The Australian equity market closed edge higher after spending all day in red on Monday, 24 June 2019, as investors kept a cautious stance ahead of the Fed speakers speech, the G20 meeting and tensions between the US and Iran. At closing bell, the benchmark S&P/ASX200 index dropped 36.63 points, or 0.55%, at 6,650.79 points, while the broader All Ordinaries sank 33.65 points, or 0.5%, at 6,734.30.
Federal Reserve Chairman Powell and Vice Chair Williams are both scheduled to speak tomorrow. Investors will be looking for any further clues on the path, timing and magnitude of Fed interest rates in the months ahead and whether they validate market expectations of easing at the July FOMC meeting. Markets are already pricing in several cuts and a result the USD has weakened sharply over recent months, suggesting that the bar to an even more dovish stance is high. Nonetheless, the Fed is at least likely to deliver a 25bp rate cut at the July meeting followed by at least one or two further hikes this year.
The main event this week (Fri-Sat) is the G20 meeting in Japan and in particular the potential meeting between Presidents Trump and Xi on the sidelines. Expectations/optimism towards some form of progress on trade talks appears high.
Trump and Xi are likely to discuss a range of issues, with trade teams from both sides preparing the topics for discussion, after talks broke down last month. Market participants were nervously awaiting outcome of the expected meeting between Presidents Donald Trump and Xi Jinping later this week for any signs of de-escalation in a trade war that is damaging the global economy and souring business confidence.
The leaders will meet on the sidelines of the G20 summit in Japan.
China and the United States should be willing to make compromises in trade talks and not insist only on what each side wants, Vice Commerce Minister Wang Shouwen said on Monday.

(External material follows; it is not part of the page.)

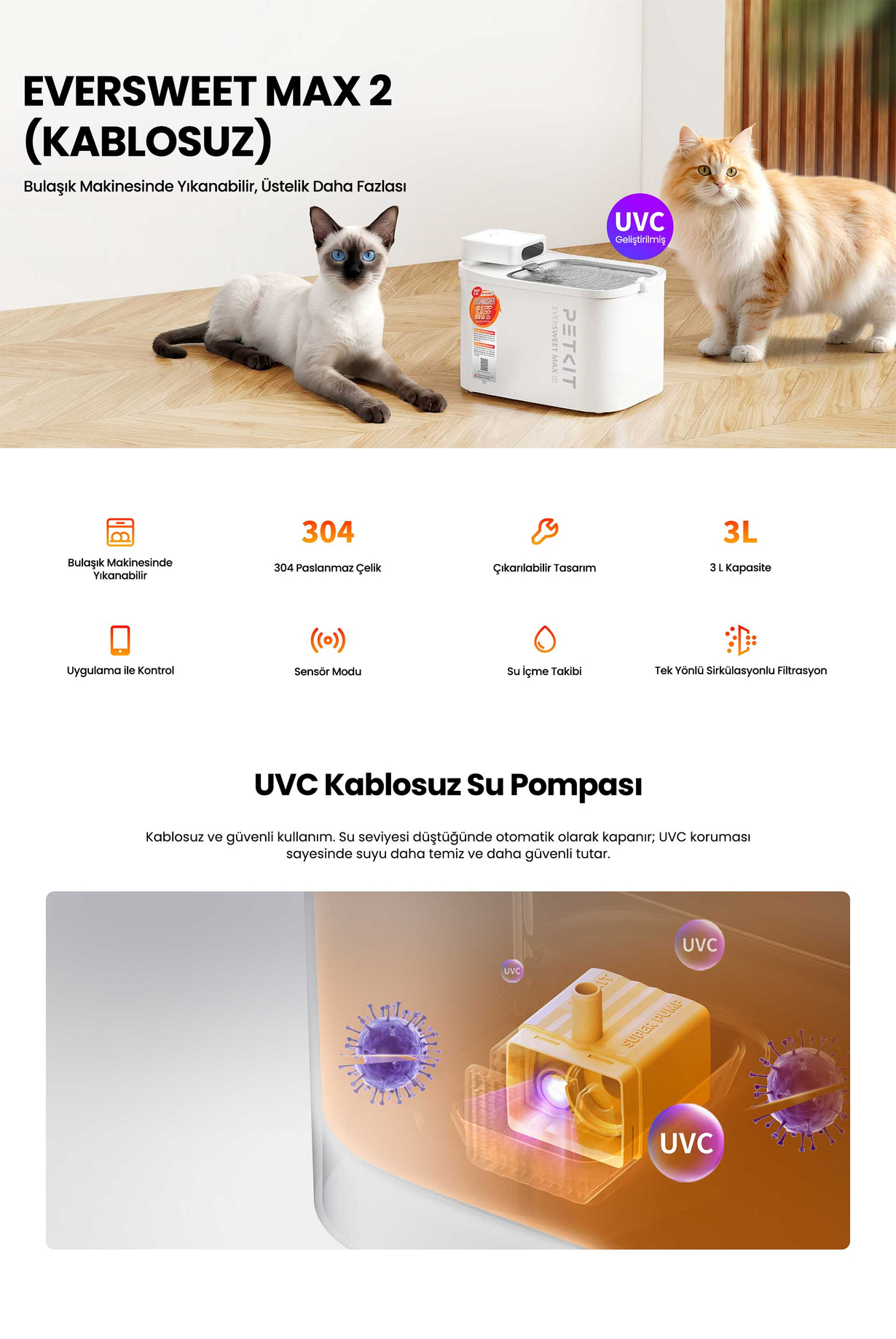 Temizlik Uyarısı: Ana gövde ve çelik tepsi bulaşık makinesinde yıkanabilir. Ancak Kontrol Modülü, Taban, Filtre ve UVC Pompanın bulaşık makinesinde yıkanması kesinlikle önerilmez.

US Vice President Mike Pence on Friday decided to call off a planned China speech, which also increased optimism ahead of trade talks. Pence had upset China with a fierce speech in October in which he laid out a litany of complaints ranging from state surveillance to human-rights abuses.
Elsewhere geopolitical tensions remain in focus as President Trump threatens Iran with additional sanctions in an effort to force Iran to renegotiate the 2015 nuclear accord, as early as today. This follows Trump's decision to call off planned air strikes in response to Iran's shooting down of an unmanned drone.
Metals and mining stocks closed firmer, buoyed by expectations that tight iron ore supply at Chinese ports as a result of a decline in supply from Brazil amid increased domestic demand would continue supporting prices. BHP Group and Rio Tinto closed up 0.4% and 0.2%, respectively.
Telstra added 1.6% to A$3.84 after price target upgrade from brokerage firms. Brokerage house Morgan increased his target price from A$3.78 up to A$4.47, saying 5G revenue will drive subscriber growth and forced churn under the NBN has slowed, which lessens price competition.
Westpac's move from a low of A$28.00 to a closing price of A$28.33, after Australia's second-biggest lender's Chairman Lindsay Maxsted said, citing an internal report, that the bank's culture can slow decision-making and dilute accountability. The bank's self-assessment also found that the approach to cultural issues was "less mature than our approach to managing financial risks", Maxsted said in a letter to shareholders.
CURRENCY NEWS: The Australian dollar inclined against the U. S. dollar on Monday. The Australian dollar changed hands at $0.6956 after rising from levels below $0.684 last week.